That makes me wonder. If sometimes I experience something very different, then what do I call that?

Last week I was surfing the internet. I coincidentally came across The unspoken history hidden behind a surname, a 2017 column by journalist Lolly Bowean. She writes about a friendly exchange with a university student on the unusual spelling and origin of her own surname.  In the easy-going atmosphere the student reaches the conclusion that the journalists’ surname is quite common in her circle of acquaintances back home. To which she then unheedingly mentions: “but those people are all white”.

The smoothness of the conversation now implicitly but noticeably makes a momentary shift, as something very tangible emerges concerning the history of and the relationship between slavery and the names we carry with us.

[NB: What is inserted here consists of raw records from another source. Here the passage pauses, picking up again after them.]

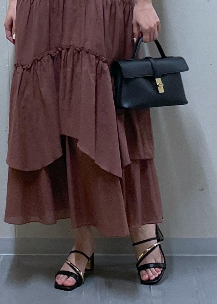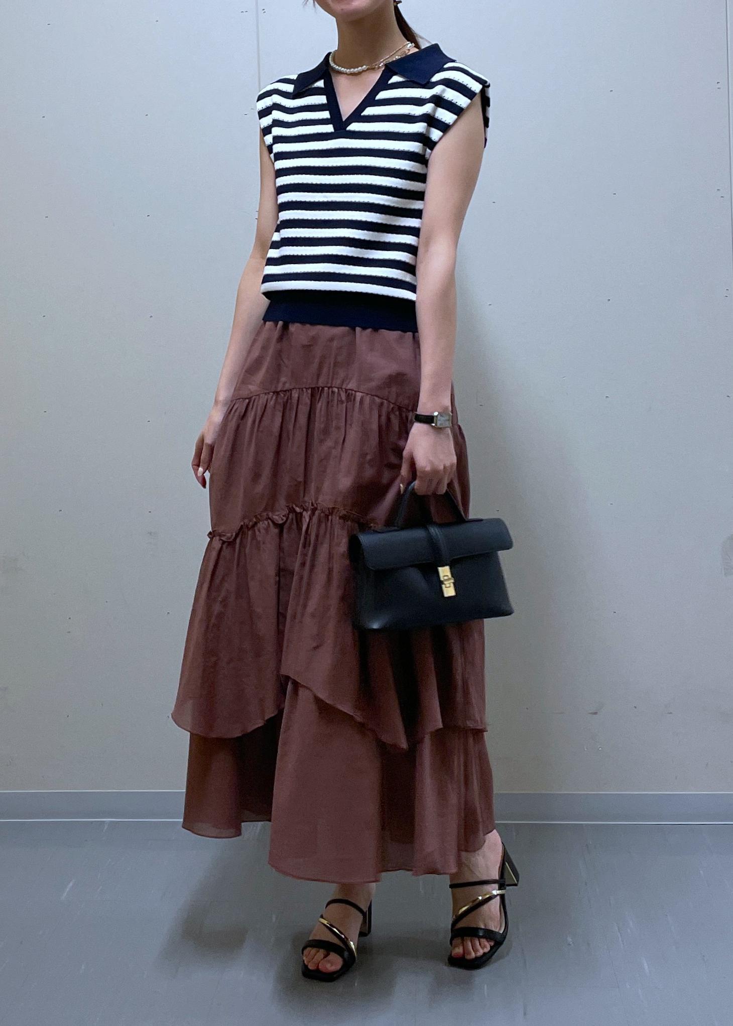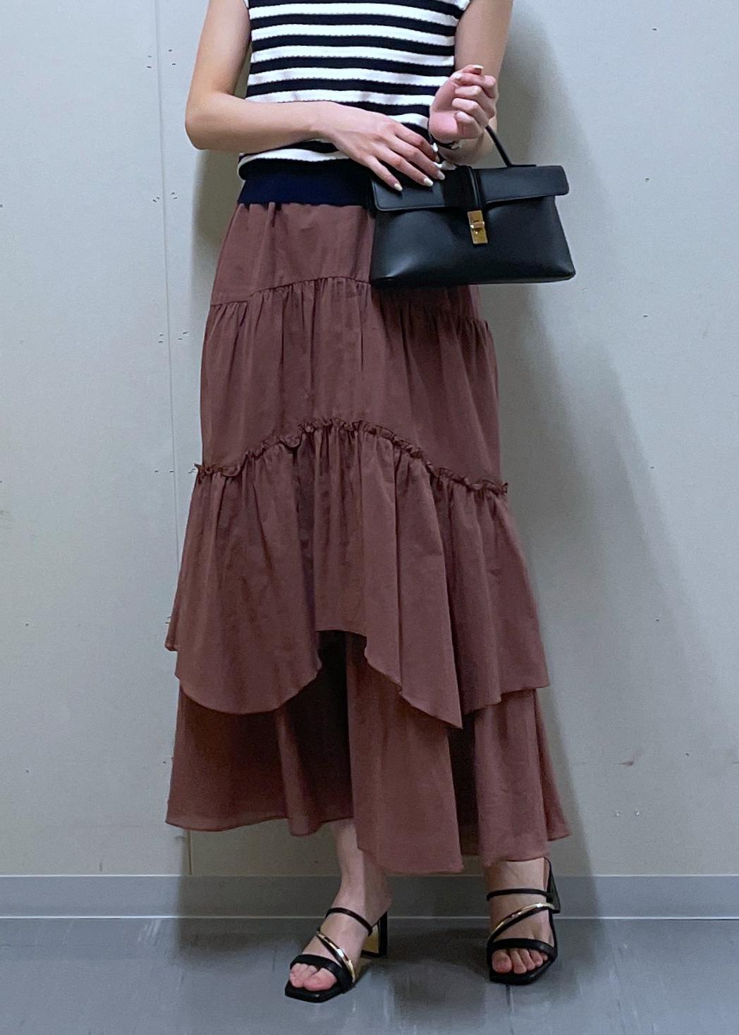 アウトレットVISボイルティアードスカートダークブラウン / F¥3,955レビュー夏らしい素材のティアードスカートです。ボリューム感があって存在感があるので、シンプルなトップスでもバランスよく着れると思います。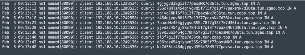 如果我们看到某台主机在短时间内频繁请求随机生成的子域名,例如长度异常、无明显含义的域名,那么需要高度警惕。这类行为很可能与 DNS 隧道或 DGA 域名生成算法有关。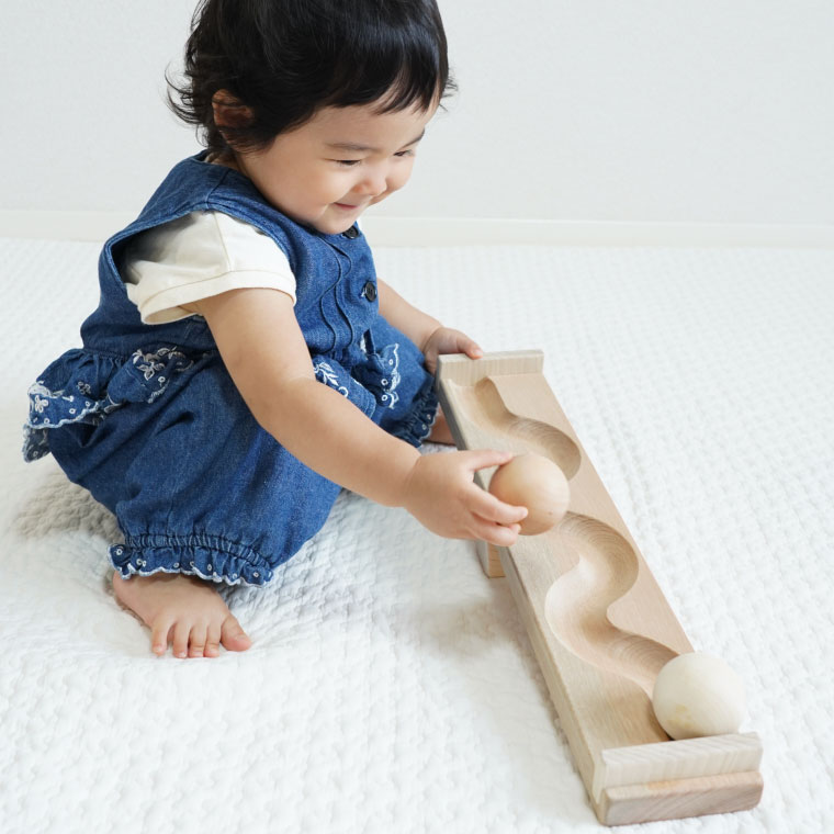 三角の支柱に乗せる位置を変えれば、ユラユラとしたシーソーから安定した滑り台に変身。傾けて遊ぶ以外にも、球を「つかんで離す」という、より簡単な転がし遊びができるようになります。お子さまの成長の段階や好みに合わせて、遊び方を変えてお楽しみください。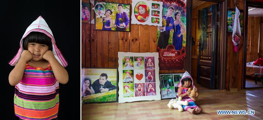 Combo photo taken on June 11, 2019 shows the portrait of Bai Yuanmei, a 3-year-old girl of Jino ethnic group (L, photo taken by Hu Chao), and Bai playing at home in Luote Village of Jino Ethnic Township, Jinghong City, southwest China's Yunnan Province (R, photo taken by Qin Qing). Bai's biggest wish is to have her parents accompanying her more. Zhiguo minorities are special members of China's 56 ethnic groups. The term Zhiguo refers to minority groups who, before modernization, had lived in relative isolation and skipped the transition period associated with feudal monarchy. Yunnan is a major concentrated area of Zhiguo minorities, including the ethnic minorities of Jino, Deang, Dulong and six other minority groups. Early in April, the local government announced that ethnic groups of Jino, Dulong and Deang had been officially lifted out of poverty. The rest other Zhiguo minorities are expected to shake off poverty in this year and next. (Xinhua)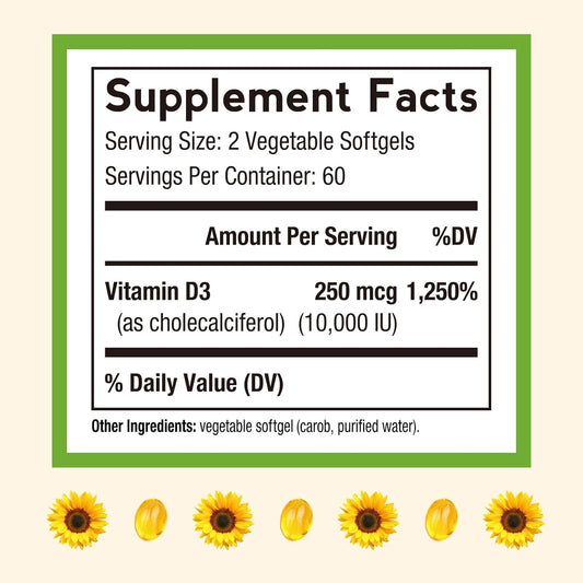 Nature Made Vitamin D3 10000 IU Maximum Strength Softgels, 60-Day Supply (Pack of 2) for Bone, Teeth, Muscle, and Immune Health Support
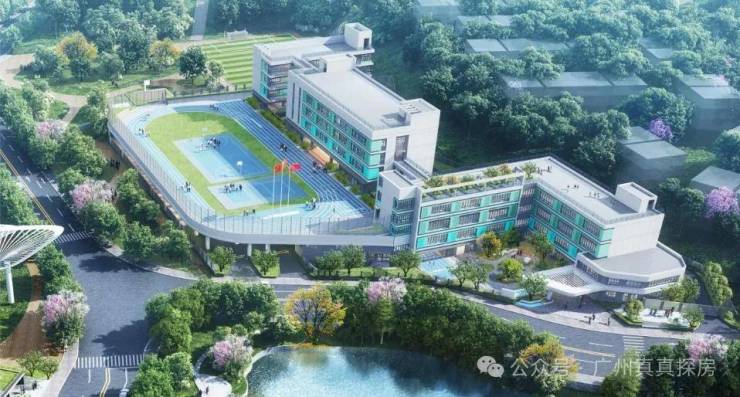 越秀·观樾项目,官宣楼盘配建学校(24班小学)将引进广州天河外国语教育集团办学!从学校效果图即可看出:新学校毗邻月亮湖,依山就势,将山、林、湖的自然意境溶入建筑,将打造一座现代山水书院,还原“自然教育”的真意。
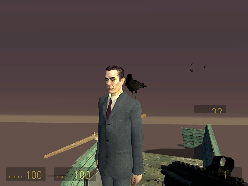 Ein lustiges Easteregg in HL2 wo der Gman unter der eigentlichen map in nem boot mit ner krähe steht !![]()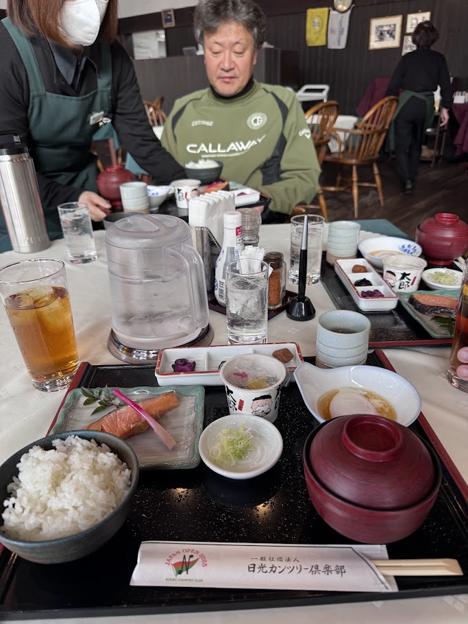 朝風呂入ってから8時頃出発。朝食はゴルフ場で。ゴルフ場は当然に日光カンツリー倶楽部。
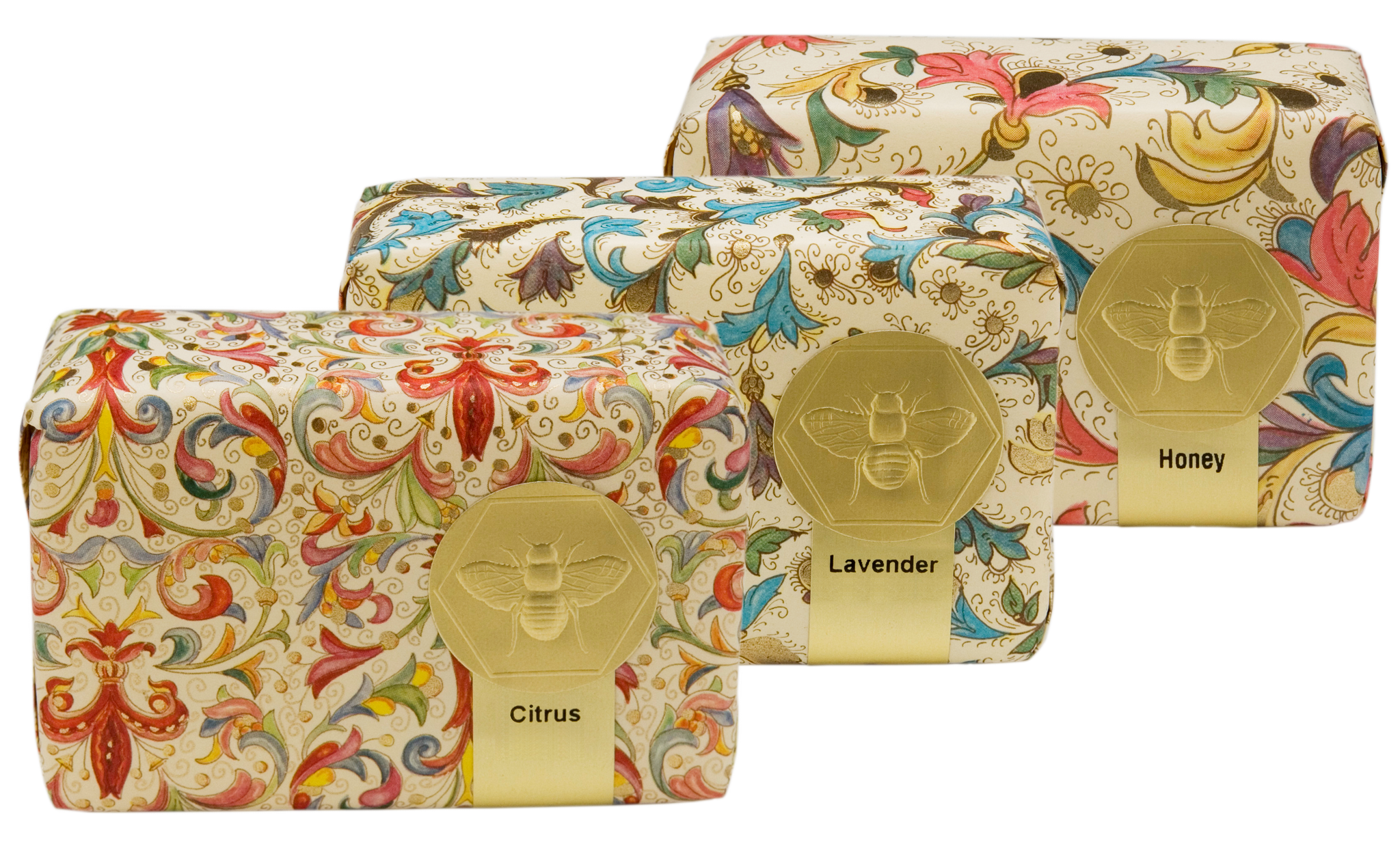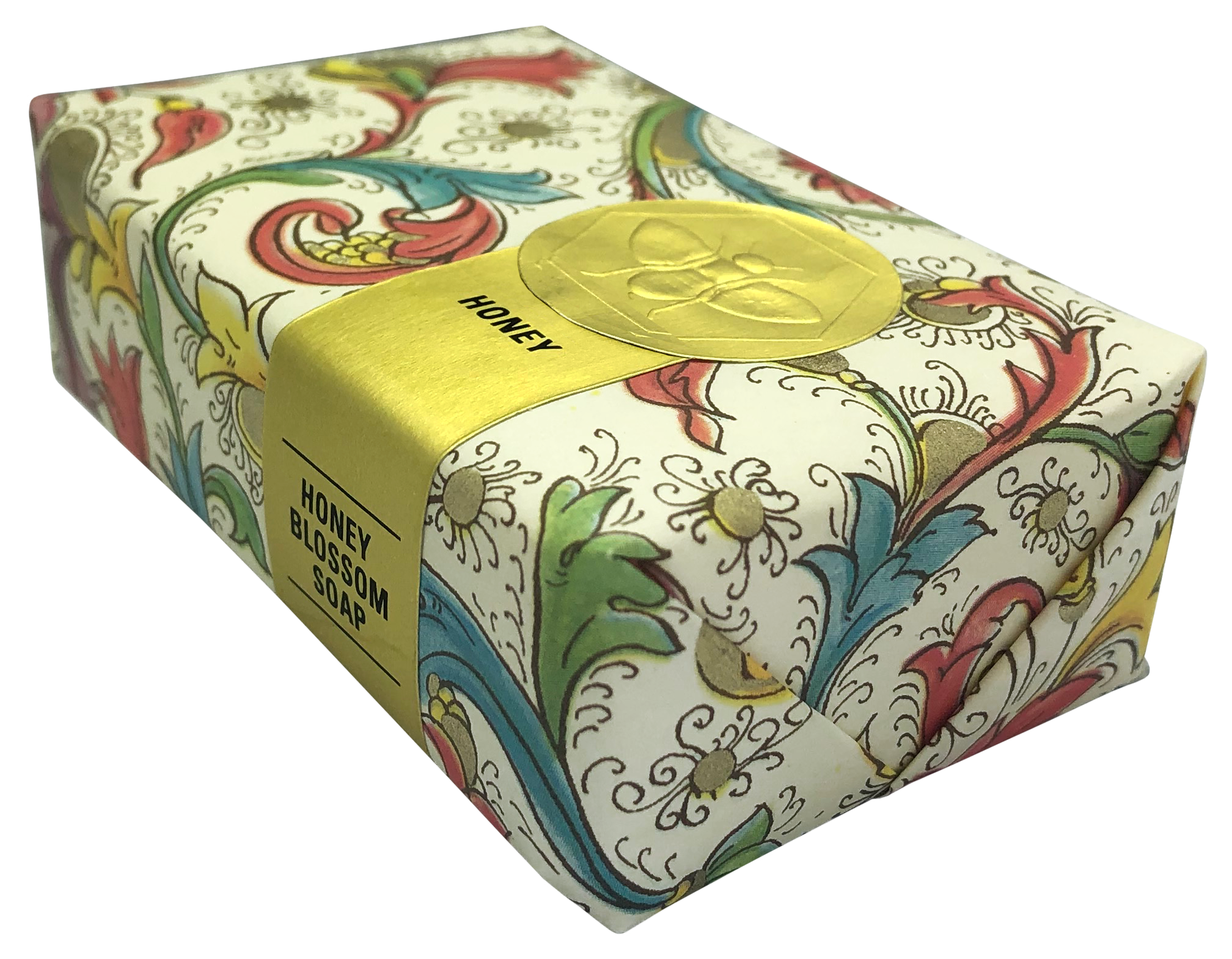 Best Selling Soap in the line, TOP SELLER! Honey Blossom Soap is a natural, high quality, triple milled soap. Shea Butter, Honey, Royal Jelly and Propolis are added to a natural, vegetable base and are pressed into beautifully carved bars. This gentle soap will cleanse, condition and re-hydrate thirsty skin. They are hand wrapped in gorgeous Florentine Paper. This is a great gift!

“It is in these innocent moments that the troubling history of this country becomes real and the residue reveals itself as still present. I’ve never been ashamed that I am a descendant of people who were enslaved. Yet it is in subtle, seemingly innocent moments that the trauma strikes me. I began to feel weighted as I stood staring at the college-age woman with a classic, sophisticated Latin name that means purity. I felt the weariness of being pushed into an emotional space and frustrated from having to contemplate whether to delve deeper into a topic I didn’t expect during idle small talk. Then I remembered that this history is one we don’t like to discuss anyway. We were only making small talk.”

It strikes me how, amidst this seemingly pleasant and respectful exchange, still a distressful tension appears, hidden in a moment of uncomfortable silence. And it does not appear because they want it to appear. It emerges within this dialogue, because of what the difference between them creates. And so they stare at it.

I recognize these experiences between me and my clients, when a story of excruciating loss, repeated injury or humiliating harm creates a small ravine between us that connects us without any comfort. In such moments, we don’t feel any warmth or harmony. We are sometimes unable to do anything yet, except for briefly stare into the abyss.

Maybe this discomfort is a form of empathy as well: when we realize that we would very much want to understand the other but cannot comprehend the depth of their experience.